Tensions were already high after news filtered in earlier in the week that 6000 federal troops were needed to restore order in Detroit during a race riot that left 34 dead, 25 of them black. So when sympathetic townies sided with the black soldiers and essentially refused to allow the MPs to detain the GI, they headed back to their HQ but promised to return. Nobody doubted they would.
The MPs did come back with more men and intercepted a group of the 1511th as they were returning to their barracks. Things escalated and the MPs opened fire, killing Private William Crossland, who was shot in the back, and wounding several other black soldiers. This encounter convinced the rank and file of the 1511th that the MPs were intent on killing them, and they armed themselves accordingly. By nightfall the specter of a race war between American troops was real and playing out in front of horrified British townspeople, who openly sided with the black soldiers.
By the time order was fully restored seven men had been wounded. Even though a high-echelon review of the episode blamed vitriolic racism and poor leadership as the principle causes, a court martial convicted 32 black soldiers of mutiny and related offenses with sentences as high as 15 years before they were later reduced as the facts came to light and mostly black newspapers back home publicized the entire story.
Now, who was ever taught of this incident in high school history segments about WWII? Me, neither. Good thing, too, I suppose, lest we have suffered the ravages Critical Race Theory (CRT) can bestow on the fragile self-esteem of youth. Needlessly highlighting such a blemish on America’s otherwise pristine Nazi-pounding exploits… what kid needs that? Wasn’t the fact that the entire US military was segregated in full deference to Southern Jim Crow sensibilities small potatoes when considered within the more essential narrative of selfless America liberating Europe to replace fascism with democracy?
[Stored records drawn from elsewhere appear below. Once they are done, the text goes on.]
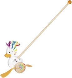 Rățușca curcubeu Lou este o jucărie clasică de împins/tras care îi motivează pe copii să se miște. Datorită culorilor vii și rulării line, aduce bucurie mersului și, în același timp, dezvoltă siguranța pașilor și coordonarea mâinilor și picioarelor.
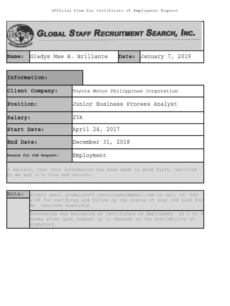 Processing and Releasing of Certificate of Employment is 2 to 3
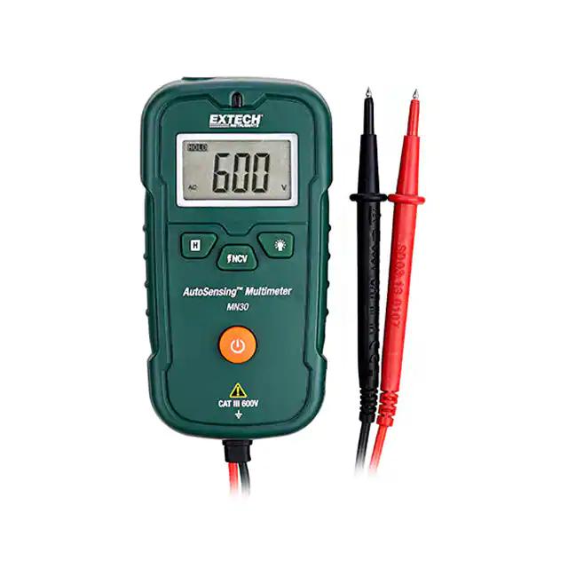 This is manufactured by FLIR Extech. The manufacturer part number is MN30. It is rated with cat iv 600v. Additionally, the product is designed with handheld Style. It is assigned with possible HTSUS value of 9030.32.0000. It comes in digital (dmm) configuration. It performs basic function of voltage, resistance. The product is also supplied with battery, probes. It is shipped in box. Its typical moisture sensitivity level is not applicable. It features a remarkable lcd display. The splendid features of the product include auto off. The product is designated with the ear99 code number
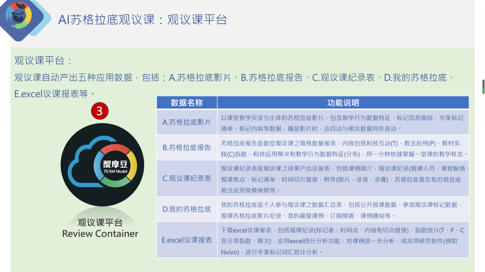 觀議課平臺會自動產(chǎn)出五種主要應用數(shù)據(jù),包括:A.蘇格拉底影片、B.蘇格拉底報告、C.觀議課紀錄表、D.我的蘇格拉底、E.excel議課報表等。
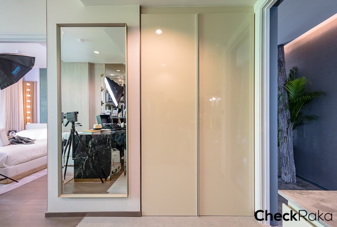 ทางโครงการติดกระจกมาให้ดูเป็นไอเดียทำให้โถงทางเดินที่จะเชื่อมต่อไปห้องนั่งเล่นดูกว้างยิ่งขึ้น
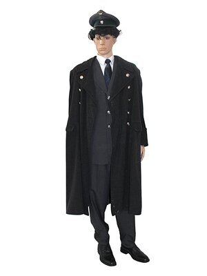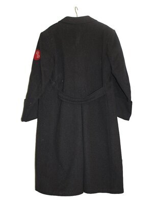 Grauer Woll-Schaffnermantel der Stadtwerke Mainz AG Verkehrsbetriebe mit Revers, und vorderseitig zwölf silberfarbenen Knöpfen (mit Stadtwappen), zwei Knöpfe unter dem Revers. Auf dem linken Ärmel ist außen das rote Mainzer Stadtwappen (mit schwarzer Umrandung und grauen Rädern) aufgenäht. Hersteller des Mantels ist die "UNIFORM A.G. UNAG" (Aufschrift des innenseitig eingenähten Emblems)
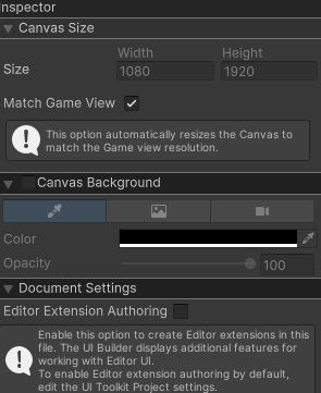 뷰포트의 uxml을 선택하고 인스펙터의 Canvas Size에서 Match Game View를 선택하면 게임 뷰에서 지정한 사이즈로 커진다.
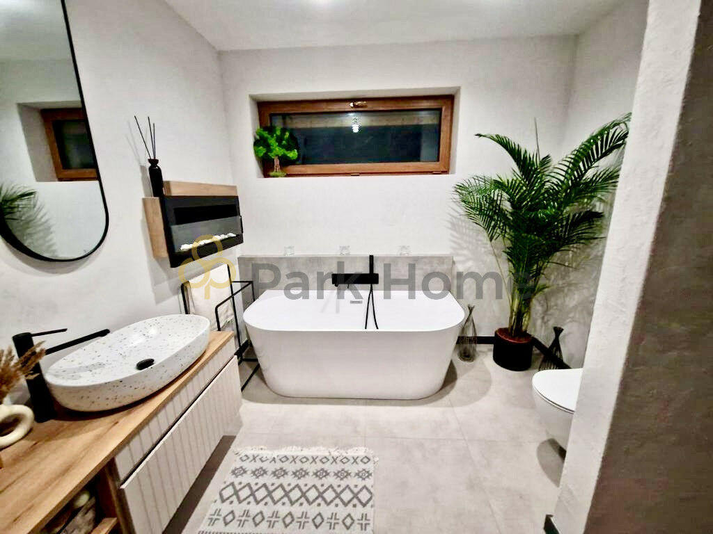 Pełne umeblowanie oraz trzyszybowy kominek dodaje mu charakteru, tworząc miejsce, które czeka na nowych właścicieli. Cały dom ma system monitorujący a aplikacja z nim powiązana sprawdza się idealnie gdy właściciela nie ma na miejscu.
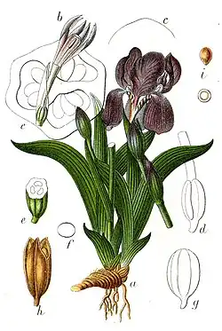 Iris: nombre genérico llamado así por Iris la diosa griega del arco iris.[3]
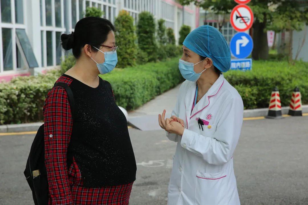 在护士全程陪护下,陈女士在“防范区关爱门诊”顺利完成了产检,孕产保健部主任吴春凤为她耐心讲解了产前注意事项。
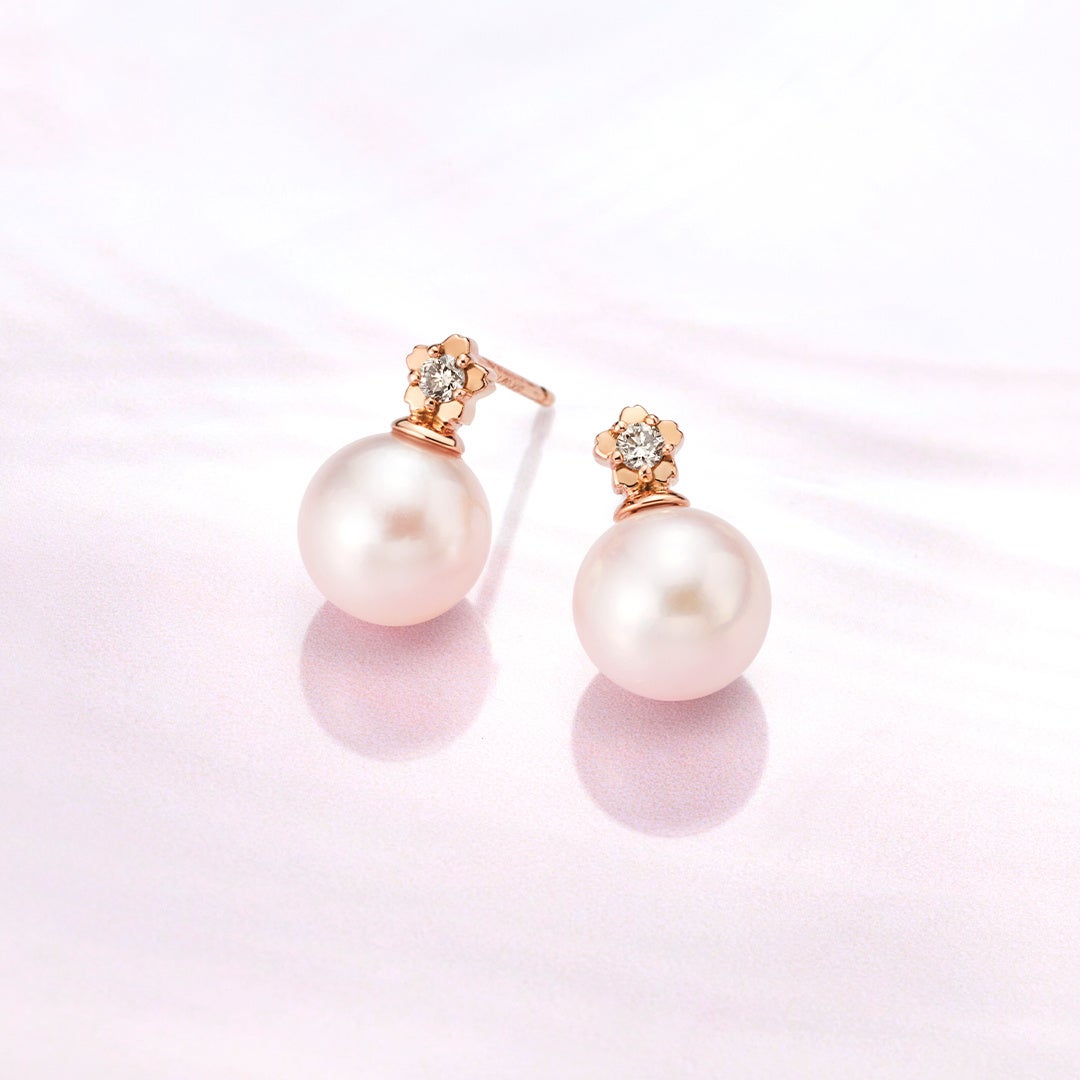 K18PG Pierced Earrings / Akoya Pearl / Diamond ¥59,400

Why ruin a good story? What patriot wants our children or grandchildren’s national identity besmirched by peripheral events from 80 years ago?
It was a tale of two inaugurations earlier this month, befitting a country cleaved by militant retrograde grievance toward dealing with its past. Wes Moore, Maryland’s first African-American Governor, took time in Annapolis during his swearing-in festivities to lay a wreath at the docks to commemorate thousands of slaves abducted in Africa and auctioned in the state capital’s public square, now formerly recognized as the Kunta Kinte-Alex Haley Memorial.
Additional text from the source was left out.